DATASET CONTENT:
******

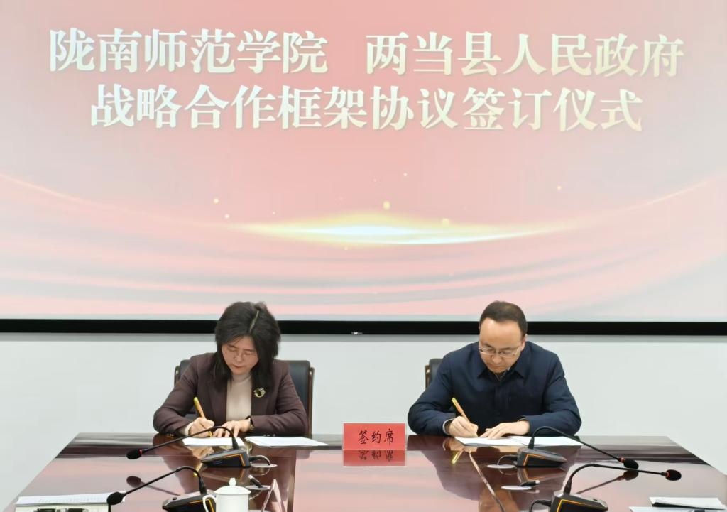 李艳红回顾了校地深厚的合作渊源,对两当县委县政府长期以来关心和支持学校发展表达了感谢。她指出,学校作为陇南唯一的本科高校,紧跟高等教育改革发展趋势,主动融入全省“四强”行动,积极对接陇南“三城五地”奋斗目标,在红色资源育人、民间艺术、山地农业、学生实习就业等方面与两当保持着密切的交流。下一步,学校将紧密契合两当县战略发展布局,加快专业建设和人才储备,努力为两当发展提供智力与技术支撑。期待以此次签约为契机,双方展开全方位、更深层次的合作,达成资源共享、协同发展的良好局面。
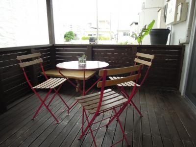 テラスからの景色は、住宅街なので向かいのマンションの駐車場が見えるだけです。- 旅行時期
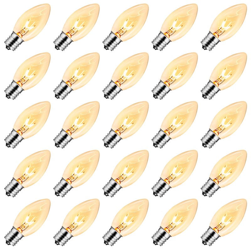 - 25Pack C9 Light Bulbs: C9 clear replacement bulbs, 25 pieces

******

EXERCISE: Set down the line containing "テラスからの景色は、住宅街な" and every line after it up to the end of the material, exactly as written, but not the pictures.

ANSWER FOR THIS EXERCISE:
 テラスからの景色は、住宅街なので向かいのマンションの駐車場が見えるだけです。- 旅行時期
 - 25Pack C9 Light Bulbs: C9 clear replacement bulbs, 25 pieces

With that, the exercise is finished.